Question

How many grams of lithium nitrate, LiNO3 (68.9 g/mol), are required to prepare 342.6 mL of a 0.783 M LiNO3 solution ? A) 0.00389 g B) 18.5 g C) 0.0541 g D) 30.1 g E) 0.00635 g

Answer 1

Answer:

b) 18.5 g

Explanation:

The first step is the calculation of number of moles of $LiNO_3$ with the molarity equation, so:

$M=\frac{#~mol}{L}$

With the volume in "L" units (342.6 mL= 0.342 L ) we can find the moles, so:

$0.783~M\frac{#~mol}{0.342~L}$

$#~mol=~0.783*0.342=0.268~mol~LiNO_3$

Now, we have to calculate the molar mass to convert the moles to grams.
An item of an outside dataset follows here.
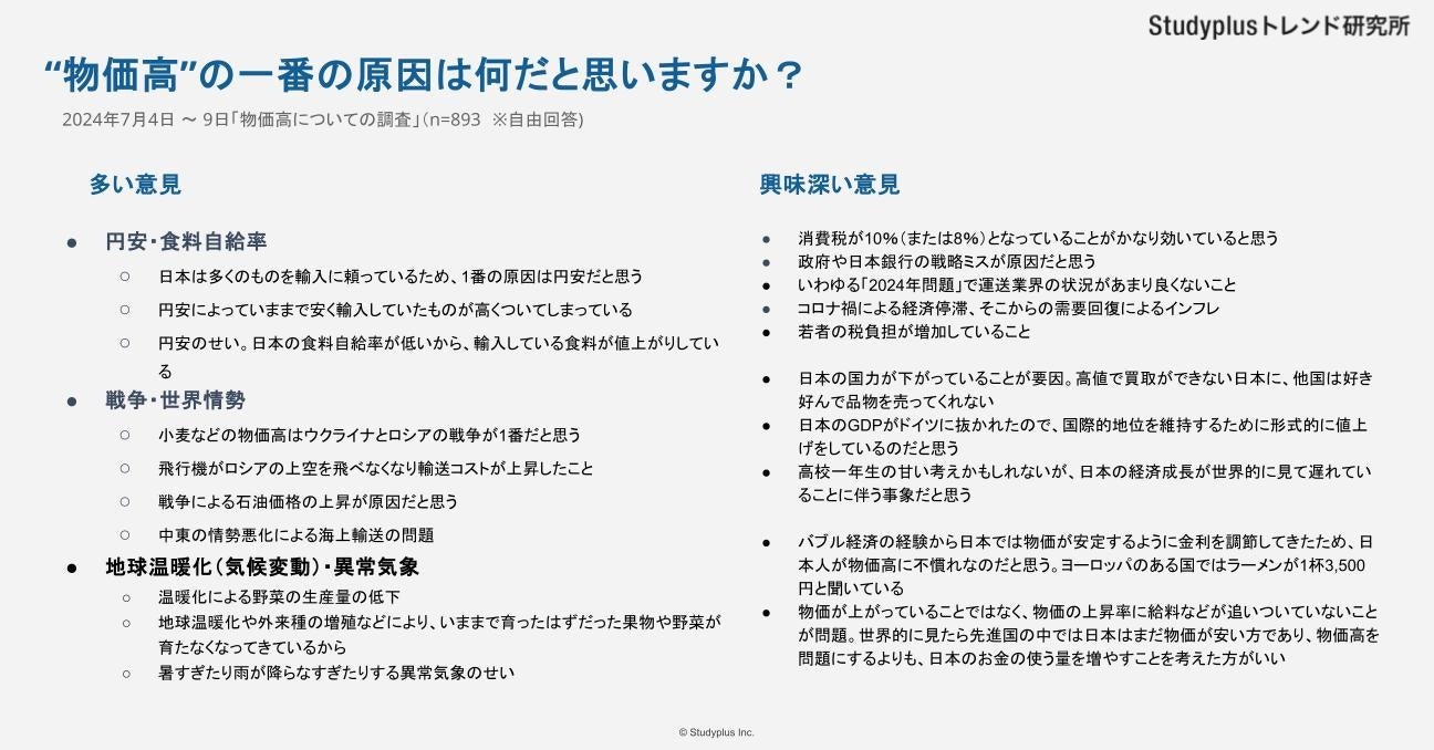 ・「物価が上がっていくこと自体は自然なことであり、日本社会がそれに対応できていないことが問題である」という回答も。
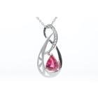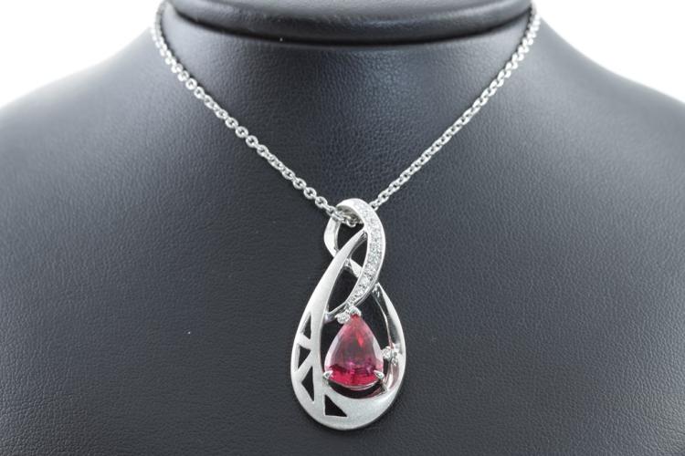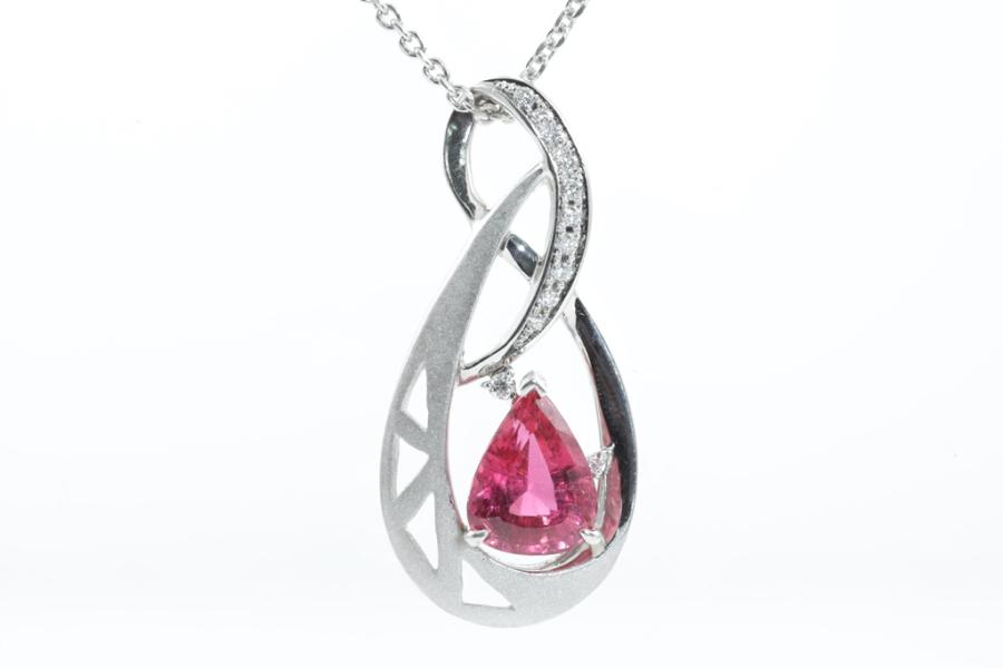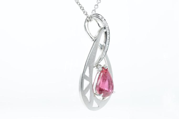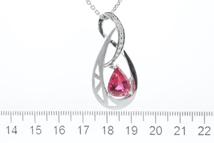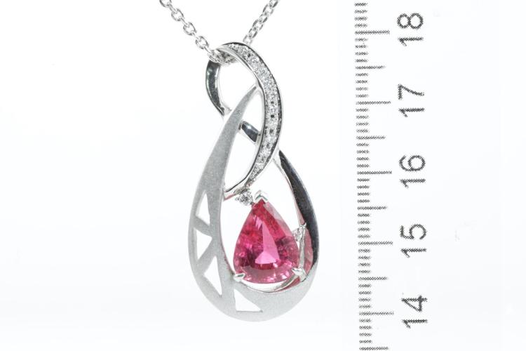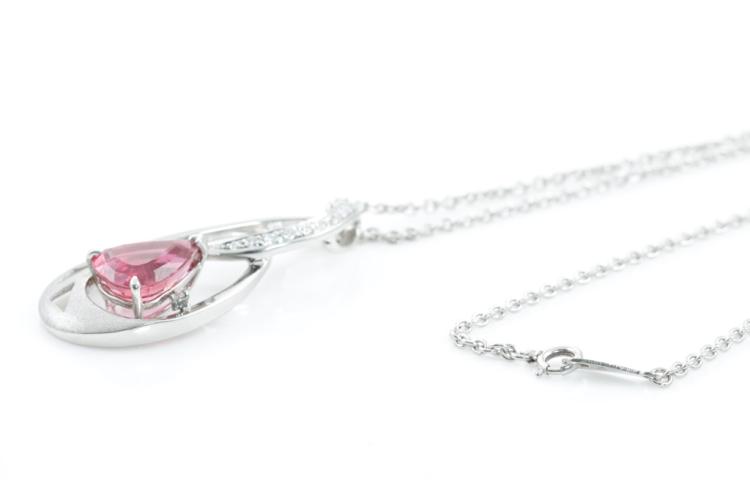 Tourmaline and Diamond pendant with pear shape pink natural Tourmaline of 4.50ct and round natural Diamonds totalling 0.19ct. Platinum-900 with 42cm platinum (stamped P.M) chain. Weight: 17.2g (Pre-owned)

For this we have to know the atomic mass of each atom:

Li ( 6.94 g/mol)

N (14 g/mol

O (16 g/mol)

With these values and the number of atoms in the molecule we can do the math:

(6.94 x 1) + ( 14 x 1) + (16 x 3 ) = 68.94 g/mol

The final step is the calculation of the grams, so:

$0.268~mol~LiNO_3~\frac{69.94~g~LiNO_3}{1~mol~LiNO_3}=~18.5~g~LiNO_3$

We will need 18.5 g of LiNO3 to do a 0.783 M solution with a volume 342.6 mL.